For molecules in which steric hindrance interferes with torsional motion but does not prevent it altogether, the torsion angle may be controlled with an external laser field. This is demonstrated on a model system consisting of biphenyl molecules adsorbed onto a silicon (111) surface. In an unperturbed monolayer, the planes of the biphenyl’s two rings are at an angle to each other (a). A moderately-intense nonresonant laser field induces dipoles in the molecules leading to the molecules’ rearrangement into the coplanar configuration to facilitate the induced dipole-laser field interaction (b). For this system there are two ways to achieve coplanarity in the biphenyl molecules. (i) The laser field is linearly polarized in a direction parallel to the silicon surface, and the field-matter interaction is maximized when both rings are parallel to the field polarization direction. (ii) The laser field polarization is perpendicular to the surface, and pi electrons can delocalize over a greater distance, resulting in a greater induced dipole, in the coplanar configuration.

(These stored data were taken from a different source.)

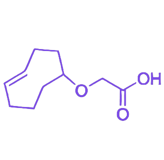 TCO-Acetic acid 是一种双功能生物偶联试剂,其分子结构同时包含反式环辛烯(TCO)基团和羧基(-COOH)活性官能团,可分别通过生物正交反应与化学偶联反应实现靶向连接与分子修饰,在生物医学研究及药物开发领域具有重要应用价值,且在低温干燥、避光条件下化学性质稳定。 反式环辛烯(TCO)基团作为核心功能单元,可与四嗪(Tetrazine)类化合物发生无需催化剂的快速生物正交反应,该反应在生理条件下即可高效进行,为活体生物分子标记、细胞表面修饰等前沿研究提供了精准的化学工具。 羧基(-COOH) 作为活性反应位点,在缩合剂(如1-乙基-3-(3-二甲基氨基丙基)碳二亚胺盐酸盐(EDC)与N-羟基琥珀酰亚胺(NHS)联用)作用下,能与含氨基的生物分子(如蛋白质、多肽、抗体等)发生酰胺化反应;在酯化试剂作用下则可与含羟基物质形成酯键,从而实现与各类生物分子或材料的共价偶联。 该试剂凭借其双功能结构设计,在抗体-药物偶联物(ADC)开发、生物材料表面功能化修饰、生物探针制备等领域展现出关键应用潜力,为生物分子的特异性标记与功能化修饰提供了灵活高效的解决方案。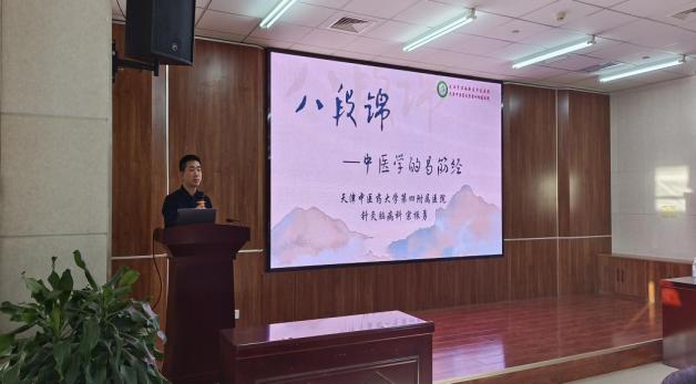 接下来由宗振勇讲解及示范八段锦-中医学的易筋经,在宗振勇的带领下,教工们现场学习八段锦的动作与要领。作为中华医学的健身功法,八段锦巧妙地将机体的形体运动和呼吸模式进行了结合,具有拉伸筋骨、疏通经络、防病治病等多种功效。在场的教职工们表示八段锦简单易学,做完一整套动作之后全身放松、神清气爽。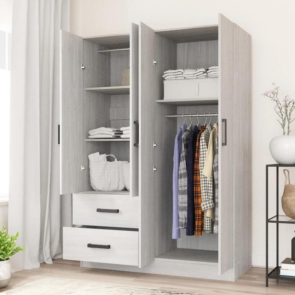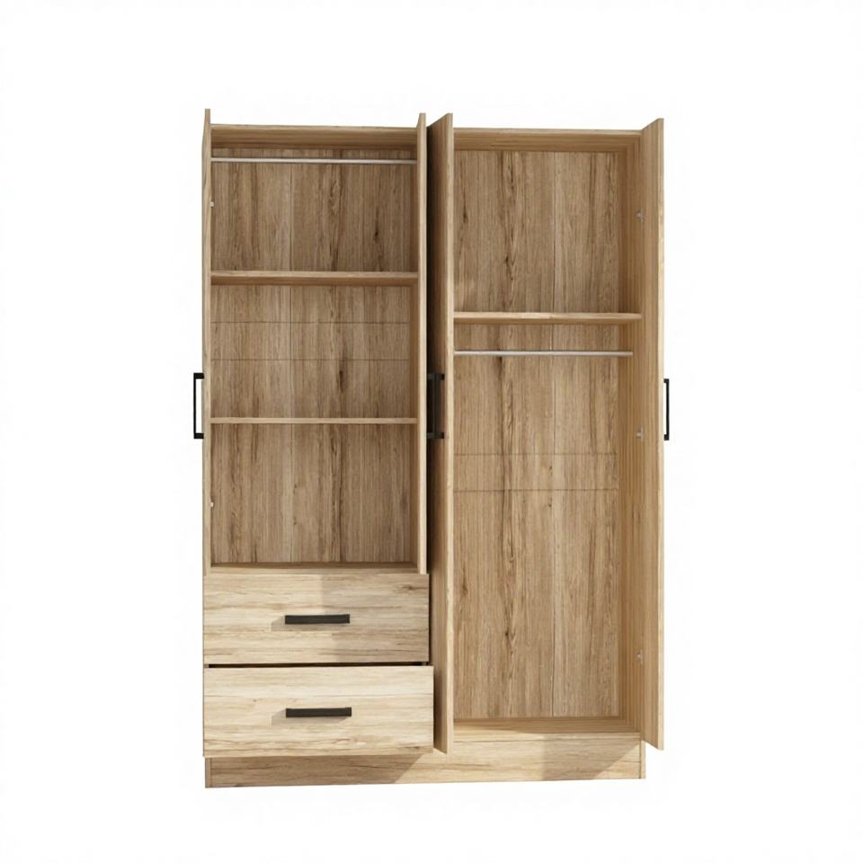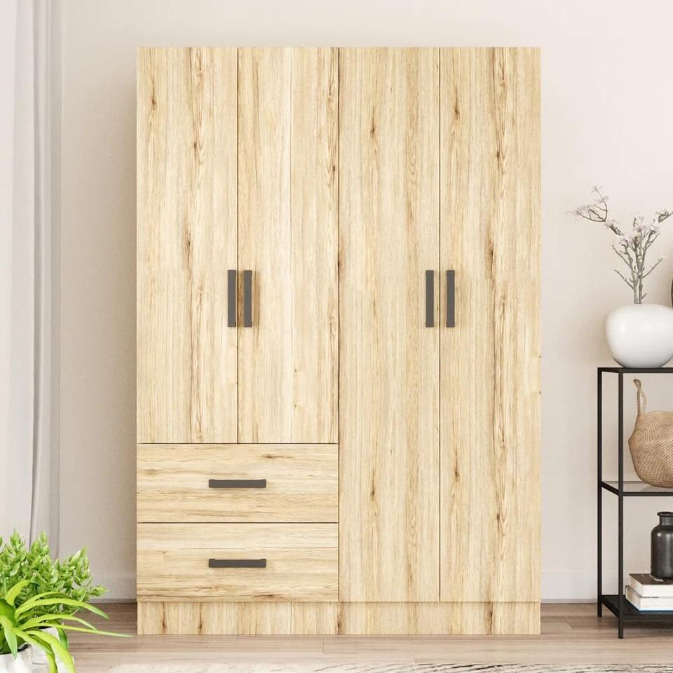 Armoire autoportante sur mesure couleur naturelle à 4 portes avec tringle de suspension, étagères et 2 tiroirs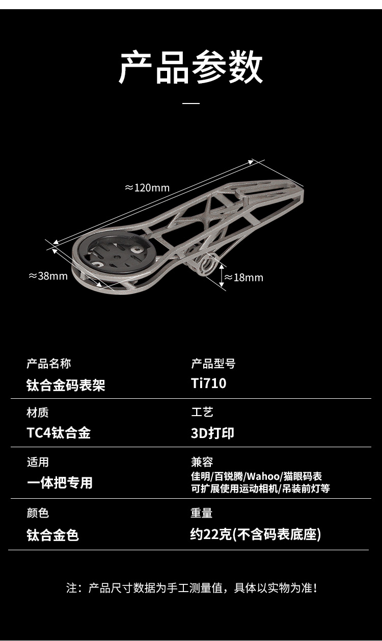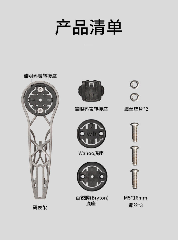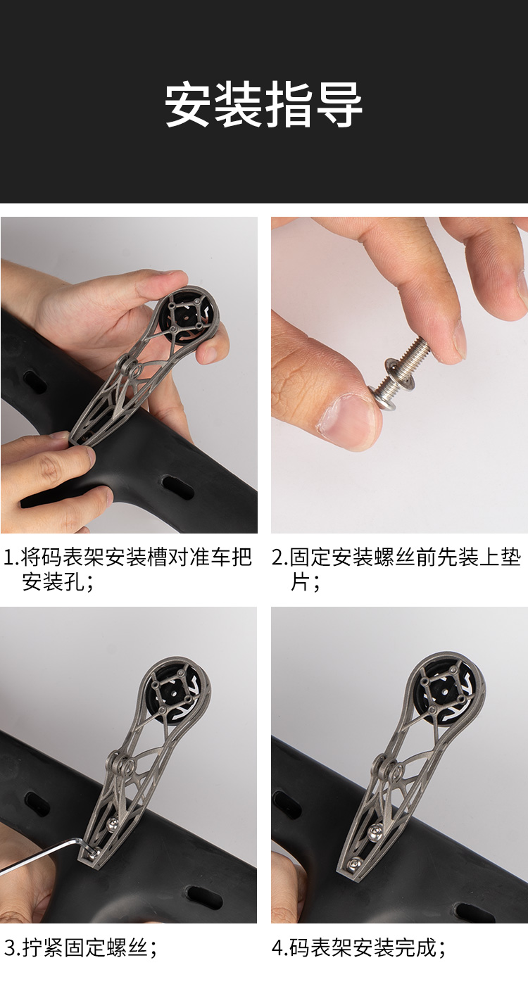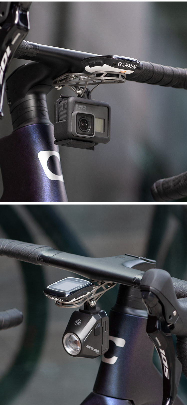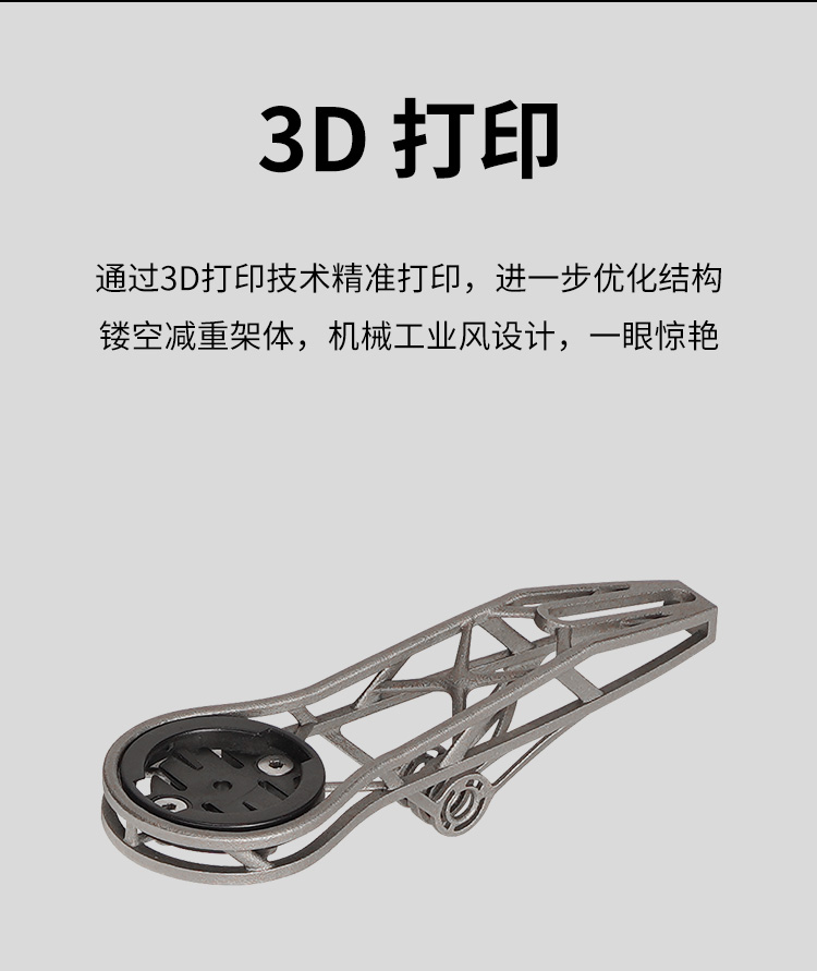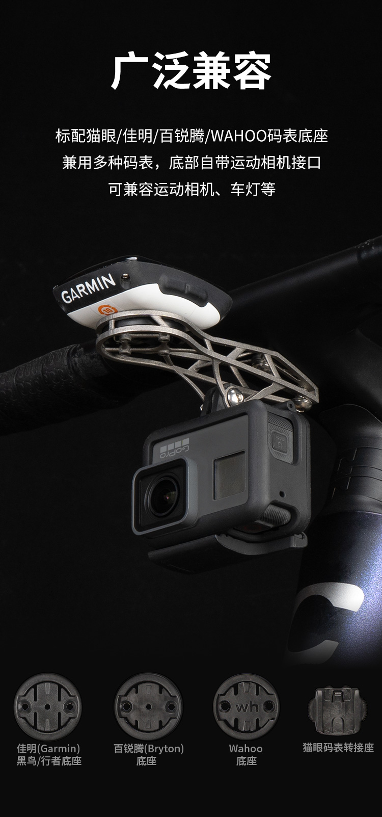 特點:鈦合金超輕架體,3D打印工藝,居中安裝節(jié)省空間(一體把專用),兼容多種碼表,標(biāo)配運(yùn)動相機(jī)轉(zhuǎn)接座,可擴(kuò)展使用運(yùn)動相機(jī)等配件

Molecules have long been known to align in moderately intense, far off-resonance laser fields with a large variety of applications in physics, optics, chemistry and material research. In recent work we illustrate and explore the physical origin of a new phenomenon in the alignment dynamics of molecules, which is fundamentally interesting and has a useful potential implication. Namely, the intensity dependence of the degree of alignment exhibits a threshold behavior, below which molecules are isotropically distributed rotationally and above which the alignment is rapidly maximized, before reaching a plateau. Furthermore, we find that the intensity dependence of the alignment of all molecules is universal. Finally, we note that the alignment threshold occurs at a lower intensity than the off-resonance ionization threshold, a numerical observation that is readily explained. This finding illustrates that nonresonant alignment of molecules is a general method, applicable to all anisotropic molecules. The threshold behavior is attributed to a tunneling mechanism that rapidly switches off at the threshold intensity, where tunneling between the potential wells corresponding to the two orientations of the aligned molecules becomes forbidden. The rotational temperature of molecules determines the position of the alignment threshold, hence the critical role of rotational cooling found experimentally in the past. The universal threshold behavior of molecular alignment is a simple phenomenon, but is of interest to a broad variety of experiments.